If you pay attention, you’ll notice that your mind can only concentrate on one item at a time. If you can concentrate on that one item for a long period of time, you will acquire focus and, eventually, flow. But, if you’re continually switching from one work to the next, how will you know which one is completed? The solution is straightforward. None! Instead of attempting to accomplish too much in a short period of time, do less and focus on one task at a time. When you’re making phone calls, don’t think about what you’re going to do next.
Don’t worry about your work when we’re instructing your personnel; just instruct. This is a good habit to get into. If you practice one thing at a time, productivity at work will reach much higher than you ever imagine possible.
6. You think about change in an all-or-nothing way
We often suspect that changing a habit might improve our productivity, but we are psychologically averse to making the change. For example, you may believe that getting more sleep will help you be more productive, but you’re a night owl who scoffs at the suggestion of going to bed earlier. Rather than focusing on what you’re averse to, seek for changes you’re willing to do that aren’t too difficult.
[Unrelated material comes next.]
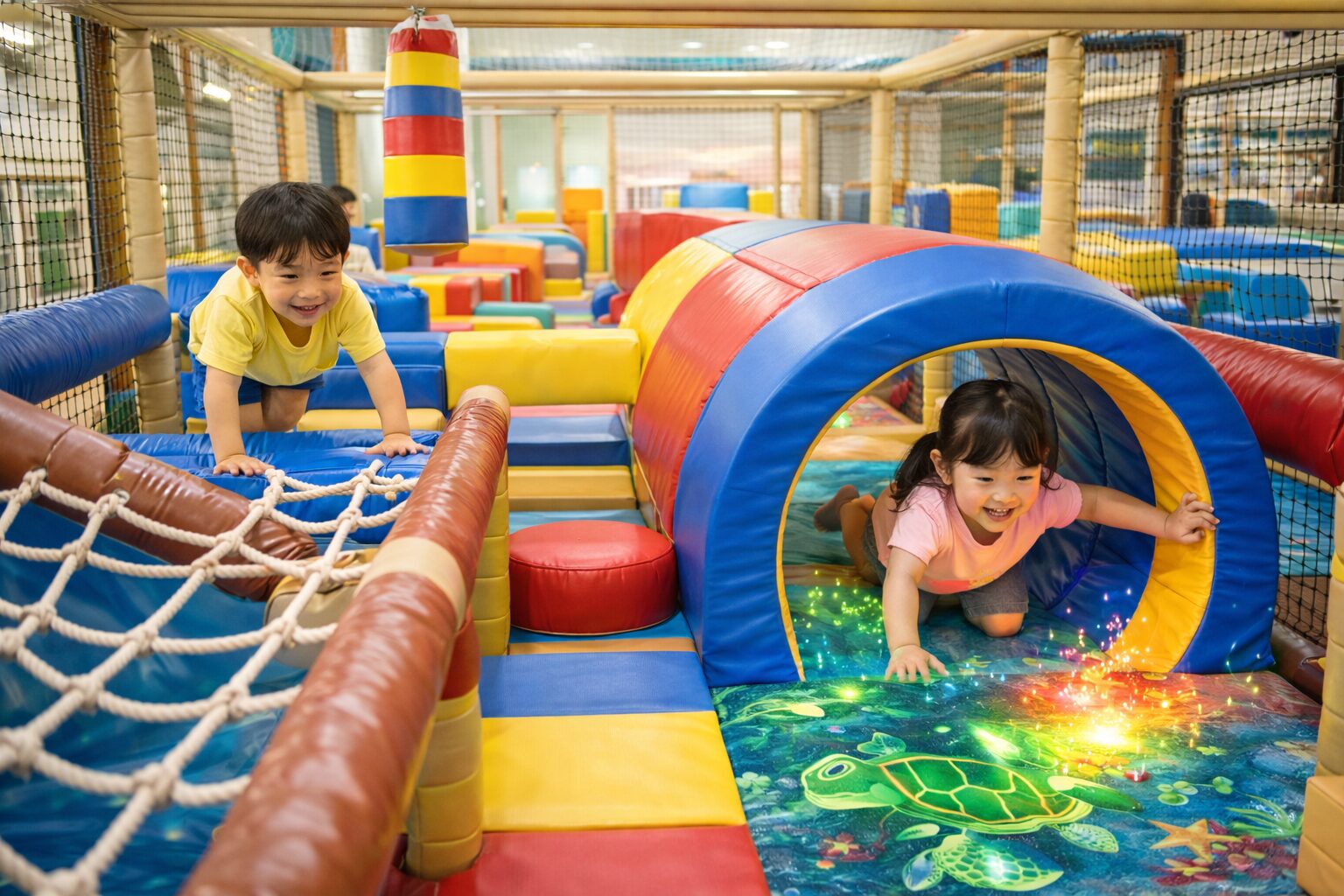 壁や床に広がる光の演出が、冒険気分をぐっと高めます。

Using blue light filters on your gadgets, or spending the last 30 minutes of your workday preparing the next day (making a transition), you may be able to easily adjust the time you want to go to bed 10-15 minutes earlier.
You won’t make any changes if you believe you have to modify your bedtime by two hours or nothing, or if you’re mainly worried about not having to give up sleeping with your phone. Collect the small victories that don’t set off your psychological defenses. When you make a small adjustment that works, your willingness to make more changes will almost certainly grow.
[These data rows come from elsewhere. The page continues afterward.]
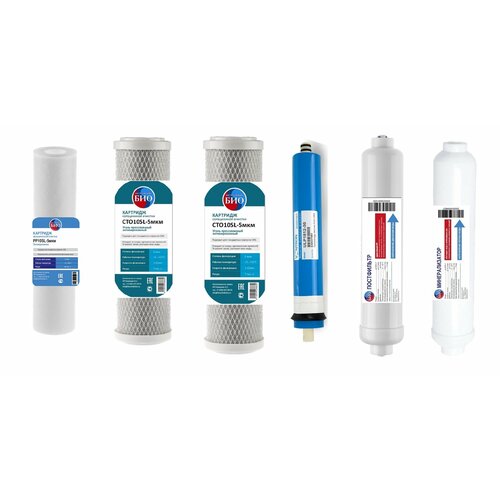 Универсальный набор картриджей для систем обратного осмоса с минерализатором ( 6 предметов ) / для загрязненной воды
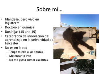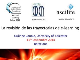 Este documento presenta una revisión de las trayectorias del e-learning realizada por Gráinne Conole, profesora de la Universidad de Leicester. El documento describe las tecnologías emergentes en e-learning como los MOOCs y el diseño de aprendizaje, y analiza cómo estas tecnologías han evolucionado a lo largo del tiempo. También discute los desafíos de la adopción de estas tecnologías, como la falta de competencia digital de los profesores, y propone enfoques como el marco de las 7Cs para mejorar el dise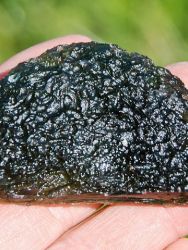 34.8 g real rare natural tektite - moldavite. This is a nice moldavite in the shape of a letter D. This moldavite is very dark as you can see in the picture. This specimen has been hand selected for high quality.
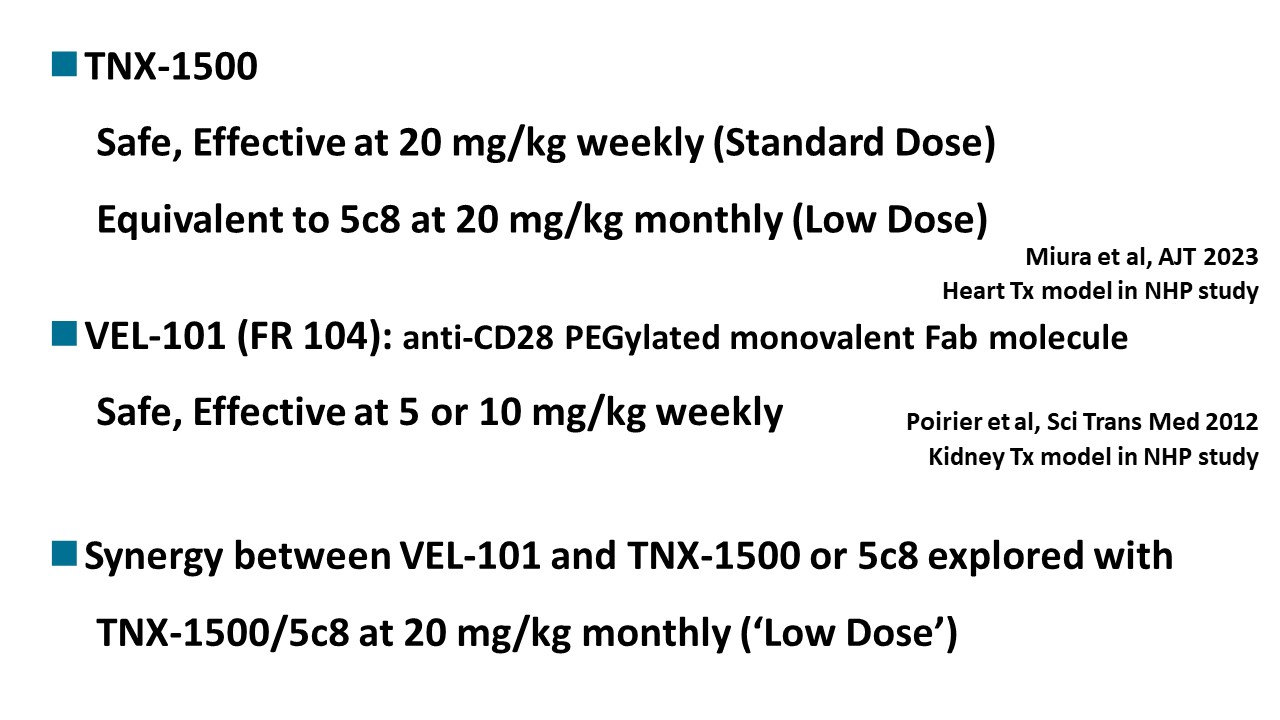  TNX - 1500 S afe , Effective at 20 mg/kg wee kly (Standard Dose) Equivalent to 5c8 at 20 mg/kg monthly (Low Dose) Miura et al, AJT 2023 Heart Tx model in NHP study Poirier et al, Sci Trans Med 2012 Kidney Tx model in NHP study  VEL - 101 (FR 104): anti - CD28 PEGylated monovalent Fab molecule Safe, Effective at 5 or 10 mg/kg weekly  Synergy between VEL - 101 and TNX - 1500 or 5c8 explored with TNX - 1500/5c8 at 20 mg/kg monthly (‘Low Dose’)RK0

How TimeTackle can help with these problems 🏁
Time tracking is indispensable to everyone, but it’s also monumentally time-consuming and frustrating. It feels inherently unproductive but is also very cognitively difficult. It is hard to keep track of what you are doing and where especially the small-time and energy leaks– no one can remember in precise detail what they did after lunch 3 days ago.
TimeTackle is a time tracker which allows you to measure your time spent on tasks in real-time and analyze whether you’ve achieved the goals you intend to. You can easily manage multiple calendars from one calendar directly. That way you will be able to track hours spent efficiently.
What makes TimeTackle even more special is that it uses TimeTackle’s automated Google Calendar to MS Excel, Google Sheets, or CVS exporter and generates custom reports that give you a detailed breakdown of where and how you are spending your time. This way you can eliminate small time-leaks and solve many of the problems stated above.
To know more about TimeTackle’s features and how you can get the most out of them visit the link: TimeTackle Features
Being productive is tricky and honestly, no one can achieve stardom productivity. We are human and mistakes are what make us human. Be kind to yourself when you make mistakes and give yourself a pat on the back when you avoid a mistake.